» **Given records**:
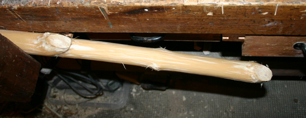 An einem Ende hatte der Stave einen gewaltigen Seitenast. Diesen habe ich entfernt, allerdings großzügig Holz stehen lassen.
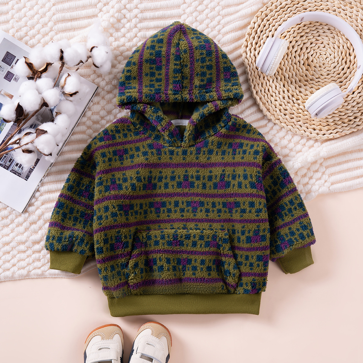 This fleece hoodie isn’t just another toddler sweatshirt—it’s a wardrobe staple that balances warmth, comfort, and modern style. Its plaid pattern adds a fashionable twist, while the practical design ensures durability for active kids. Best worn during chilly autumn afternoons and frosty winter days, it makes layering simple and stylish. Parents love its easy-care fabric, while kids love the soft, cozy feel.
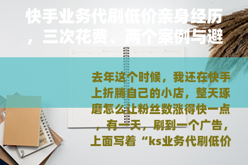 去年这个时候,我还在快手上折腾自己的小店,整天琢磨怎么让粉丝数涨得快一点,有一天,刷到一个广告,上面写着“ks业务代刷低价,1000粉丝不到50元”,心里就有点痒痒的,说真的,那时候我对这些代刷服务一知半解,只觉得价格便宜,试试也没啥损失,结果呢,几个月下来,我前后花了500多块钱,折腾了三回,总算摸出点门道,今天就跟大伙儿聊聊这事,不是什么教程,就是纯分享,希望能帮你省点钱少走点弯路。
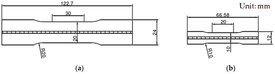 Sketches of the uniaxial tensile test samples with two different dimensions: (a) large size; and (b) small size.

---

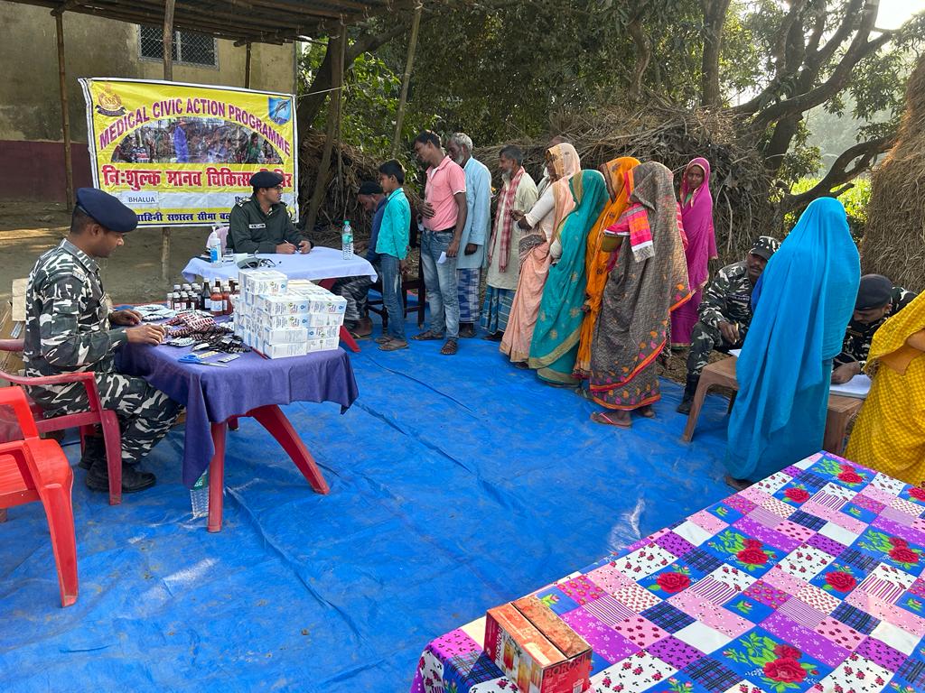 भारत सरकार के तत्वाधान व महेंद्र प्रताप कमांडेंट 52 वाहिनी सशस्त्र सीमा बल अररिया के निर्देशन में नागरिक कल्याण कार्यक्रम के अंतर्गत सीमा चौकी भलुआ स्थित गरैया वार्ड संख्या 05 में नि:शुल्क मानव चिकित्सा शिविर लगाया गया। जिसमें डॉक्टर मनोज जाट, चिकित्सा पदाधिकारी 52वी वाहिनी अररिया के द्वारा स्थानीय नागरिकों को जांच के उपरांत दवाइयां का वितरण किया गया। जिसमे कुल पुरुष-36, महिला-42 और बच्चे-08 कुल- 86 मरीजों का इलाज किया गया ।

* * *

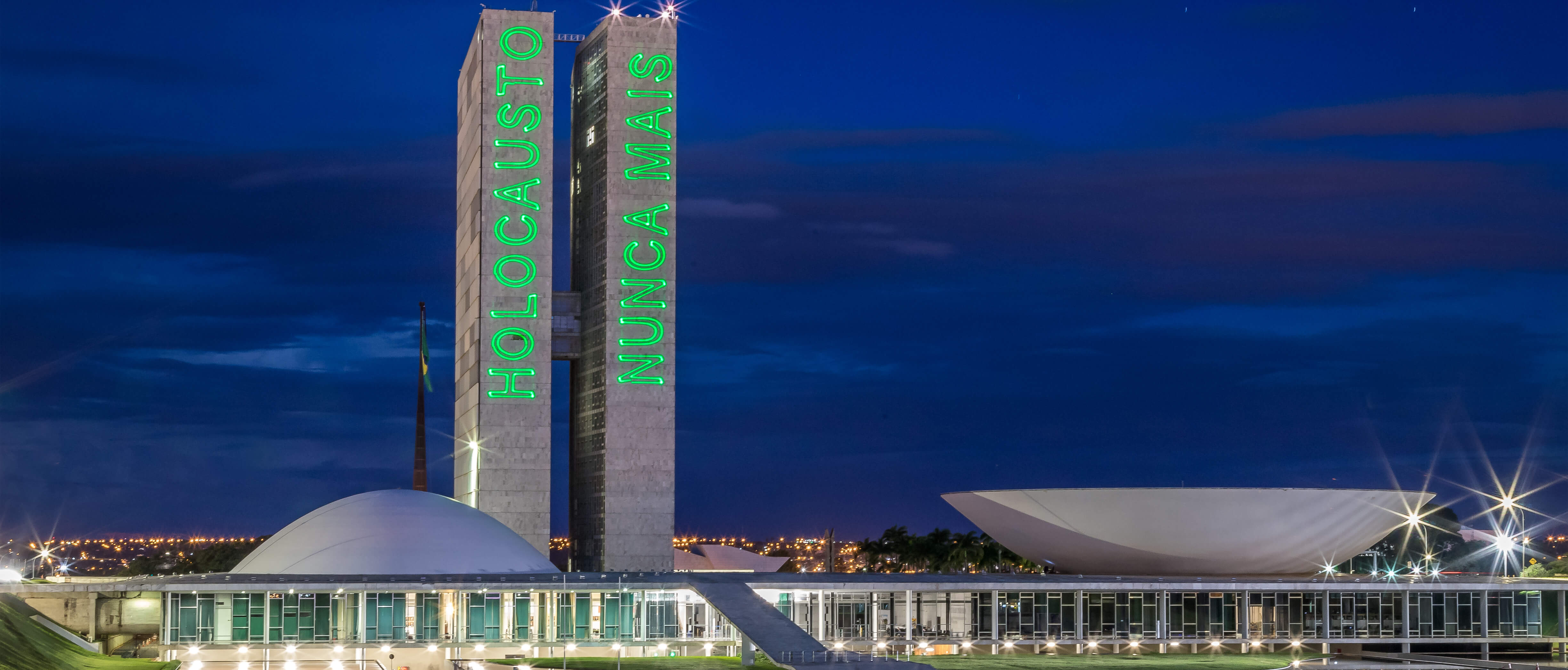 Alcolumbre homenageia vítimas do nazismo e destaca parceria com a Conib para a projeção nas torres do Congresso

» **Goal of the exercise**: Would you copy, word for word, only the lines above from the one containing "An einem Ende" through the one containing "Sketches of the", both included, and please leave out the pictures?

» **Output for this exercise**:
 An einem Ende hatte der Stave einen gewaltigen Seitenast. Diesen habe ich entfernt, allerdings großzügig Holz stehen lassen.
 This fleece hoodie isn’t just another toddler sweatshirt—it’s a wardrobe staple that balances warmth, comfort, and modern style. Its plaid pattern adds a fashionable twist, while the practical design ensures durability for active kids. Best worn during chilly autumn afternoons and frosty winter days, it makes layering simple and stylish. Parents love its easy-care fabric, while kids love the soft, cozy feel.
 去年这个时候,我还在快手上折腾自己的小店,整天琢磨怎么让粉丝数涨得快一点,有一天,刷到一个广告,上面写着“ks业务代刷低价,1000粉丝不到50元”,心里就有点痒痒的,说真的,那时候我对这些代刷服务一知半解,只觉得价格便宜,试试也没啥损失,结果呢,几个月下来,我前后花了500多块钱,折腾了三回,总算摸出点门道,今天就跟大伙儿聊聊这事,不是什么教程,就是纯分享,希望能帮你省点钱少走点弯路。
 Sketches of the uniaxial tensile test samples with two different dimensions: (a) large size; and (b) small size.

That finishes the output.